Assignment:
Output every line below exactly, please, omitting pictures.

Given information:
* * *

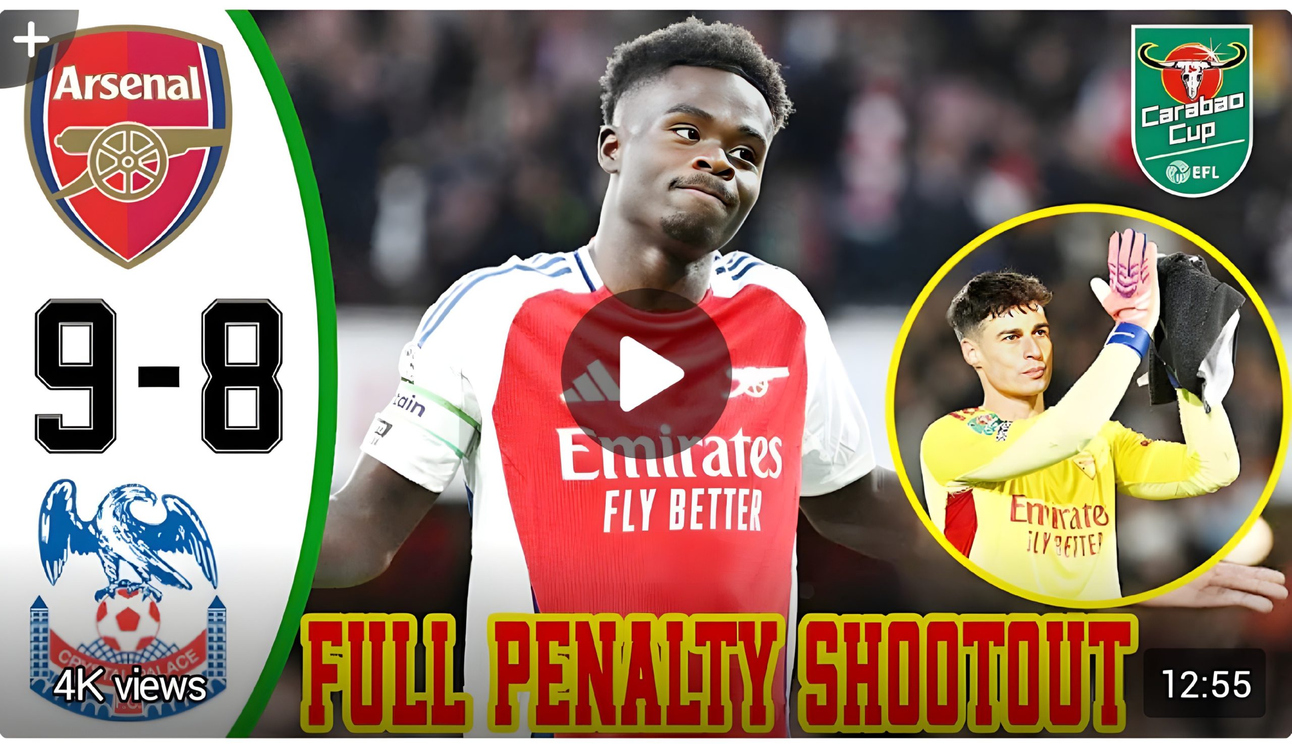 Arsenal vs Crystal Palace 9-8 – All Goals & Highlights Quarter-final EFL Cup 2025
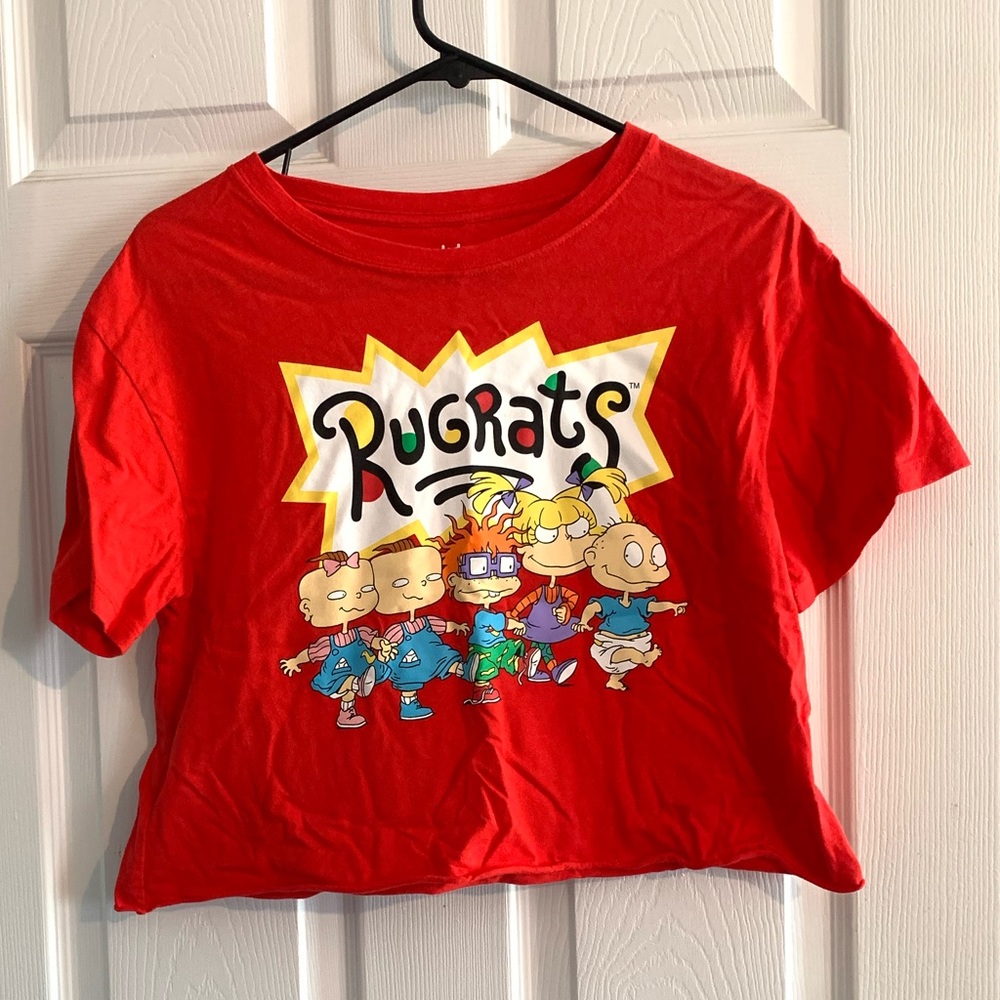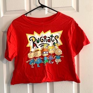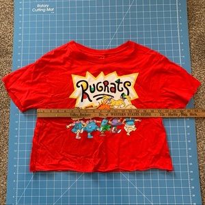 Nickelodeon Rugrats crop top, red with rugrats design on front, womens size small, measurements provided in images.
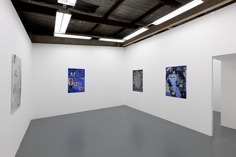 A series of collages, with large-format backgrounds of photographic details of found surfaces including painted walls, peeling posters and graffiti. Onto these grounds are pasted constellations of varied imagery including found and historic photography, with subjects ranging from microscopic details to cosmic phenomena.

* * *

Worked solution:
 Arsenal vs Crystal Palace 9-8 – All Goals & Highlights Quarter-final EFL Cup 2025
 Nickelodeon Rugrats crop top, red with rugrats design on front, womens size small, measurements provided in images.
 A series of collages, with large-format backgrounds of photographic details of found surfaces including painted walls, peeling posters and graffiti. Onto these grounds are pasted constellations of varied imagery including found and historic photography, with subjects ranging from microscopic details to cosmic phenomena.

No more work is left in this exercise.